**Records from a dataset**
* * * * *

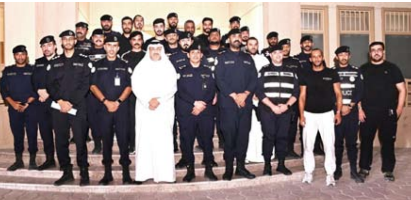
الشيخ عبدالله سالم العلي الصباح في لحظة جماعية مع رجال الأمن

تمن محافظ العاصمة الشيخ عبدالله سالم العلي الصباح، الجهود الكبيرة التي يبذلها رجال الأمن، لضبط مخالفات قانون الإقامة والمطلوبين، في كافة أنحاء البلاد. جاء ذلك بعد الجولة الميدانية التي قام بها المحافظ، مسانداً لجهود الحملة التفتيشية في منطقة بنيد القار، بحضور العميد سليمان الجراح المدير العام لمديرية أمن العاصمة، وعدد من القيادات الأمنية ورجال الأمن. وقال محافظ العاصمة: إن هذه الحملة التفتيشية المفاجئة تأتي ضمن الكثير من الحملات الأمنية، التي يقوم بها رجال الأمن بكافة محافظات البلاد، للتعاون مع رجال الأمن، والإبلاغ عن أي مخالفين أو خارجين عن القانون، حتى يتم ضبطهم من الجهات الأمنية.
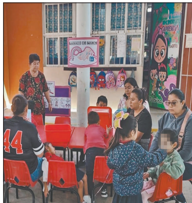
Una semana más sería lo ideal, manifestaron los padres. (Pedro Díaz)
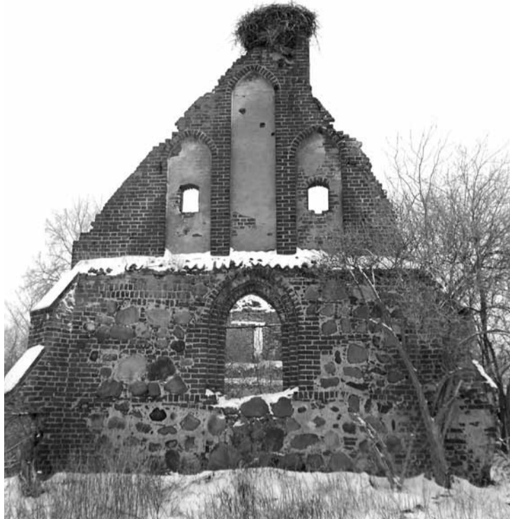
Фронтон восточного фасада кирхи с гнездом аиста наверху.

Метрах в пятидесяти от восточного фасада кирхи грудой сложены валуны — это всё, что осталось от памятника погибшим жителям
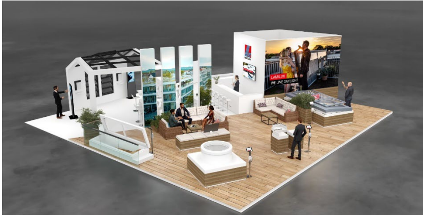
Bild 1: LAMILUX Messestand mit einladender Dachterrassen-Atmosphäre bei der BAU 2025

Weitere Informationen finden Sie unter www.lamilux.de/tageslichtsysteme/bau-2025
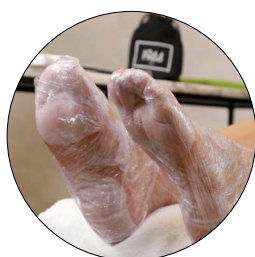
2. ENVELOPPE ET POSE
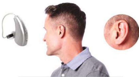
RIC 312 aparāti ar resīveriem
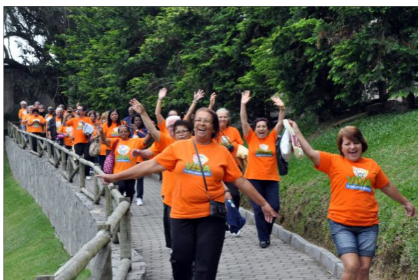
Figura 15 - Excursão da Terceira Idade.
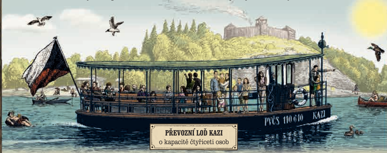
PŘEVOZNÍ LOŽ KAZI o kapacitě čtyřiceti osob

je obnoven v místě, kde podle pověsti stávalo staroslovanské hradiště Kazín. Ve stejných místech byl zmiňován nejstarší přívoz v Čechách, který navazoval na místní stezky. Plujte na přívozu slavného siláka Bivoje a jeho kněžny Kazi.
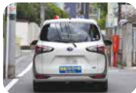
ハイブリッド車は燃費も良く静かなのでパトロールがはかどるそうです。
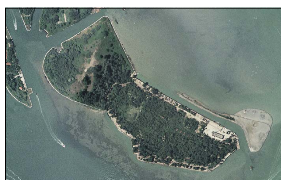
Isola della Certosa

I beni, per i quali la nuova Istituzione dovrà valutare le modalità e le condizioni per ottenerne l'affidamento, sono:
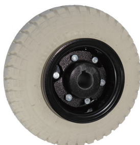
ALA3.50-5 25φH7 キー 8x3.3 ホワイトタイヤ仕様
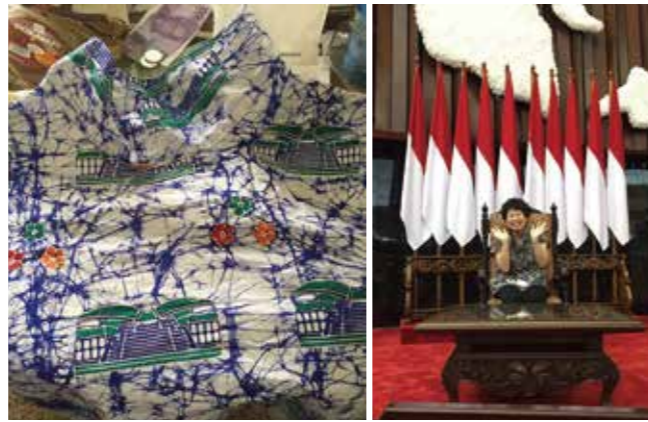
（上左）国会バティック

業務上要人と会う際は、その出身地のバティックを身につけて会うだけで、話が弾みます。ジャカルタのバティックはモナスやオンデル・オンデルがモチーフだったり、パプアのバティックはホナイや極楽鳥がモチーフだったり、眺めていても飽きることはありません。日本でいうところの国会議事堂の中にも、立派な革製品や衣服、バティックなどが売られている土産物店があり、カブトムシのような形の建物をモチーフにしたバティックを見つけた私は、面白いので即買いし、テイラーで仕立てて同僚に見せて回りました。
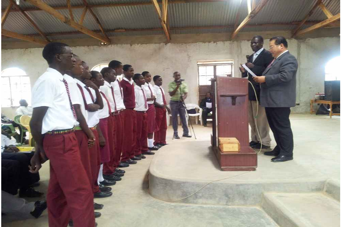
LWM 주을 장학금 수여(2015.4)

* * * * *

**Work to complete**
Omit the pictures and reproduce the records above exactly.

**Task answer**
الشيخ عبدالله سالم العلي الصباح في لحظة جماعية مع رجال الأمن

تمن محافظ العاصمة الشيخ عبدالله سالم العلي الصباح، الجهود الكبيرة التي يبذلها رجال الأمن، لضبط مخالفات قانون الإقامة والمطلوبين، في كافة أنحاء البلاد. جاء ذلك بعد الجولة الميدانية التي قام بها المحافظ، مسانداً لجهود الحملة التفتيشية في منطقة بنيد القار، بحضور العميد سليمان الجراح المدير العام لمديرية أمن العاصمة، وعدد من القيادات الأمنية ورجال الأمن. وقال محافظ العاصمة: إن هذه الحملة التفتيشية المفاجئة تأتي ضمن الكثير من الحملات الأمنية، التي يقوم بها رجال الأمن بكافة محافظات البلاد، للتعاون مع رجال الأمن، والإبلاغ عن أي مخالفين أو خارجين عن القانون، حتى يتم ضبطهم من الجهات الأمنية.
Una semana más sería lo ideal, manifestaron los padres. (Pedro Díaz)
Фронтон восточного фасада кирхи с гнездом аиста наверху.

Метрах в пятидесяти от восточного фасада кирхи грудой сложены валуны — это всё, что осталось от памятника погибшим жителям
Bild 1: LAMILUX Messestand mit einladender Dachterrassen-Atmosphäre bei der BAU 2025

Weitere Informationen finden Sie unter www.lamilux.de/tageslichtsysteme/bau-2025
2. ENVELOPPE ET POSE
RIC 312 aparāti ar resīveriem
Figura 15 - Excursão da Terceira Idade.
PŘEVOZNÍ LOŽ KAZI o kapacitě čtyřiceti osob

je obnoven v místě, kde podle pověsti stávalo staroslovanské hradiště Kazín. Ve stejných místech byl zmiňován nejstarší přívoz v Čechách, který navazoval na místní stezky. Plujte na přívozu slavného siláka Bivoje a jeho kněžny Kazi.
ハイブリッド車は燃費も良く静かなのでパトロールがはかどるそうです。
Isola della Certosa

I beni, per i quali la nuova Istituzione dovrà valutare le modalità e le condizioni per ottenerne l'affidamento, sono:
ALA3.50-5 25φH7 キー 8x3.3 ホワイトタイヤ仕様
（上左）国会バティック

業務上要人と会う際は、その出身地のバティックを身につけて会うだけで、話が弾みます。ジャカルタのバティックはモナスやオンデル・オンデルがモチーフだったり、パプアのバティックはホナイや極楽鳥がモチーフだったり、眺めていても飽きることはありません。日本でいうところの国会議事堂の中にも、立派な革製品や衣服、バティックなどが売られている土産物店があり、カブトムシのような形の建物をモチーフにしたバティックを見つけた私は、面白いので即買いし、テイラーで仕立てて同僚に見せて回りました。
LWM 주을 장학금 수여(2015.4)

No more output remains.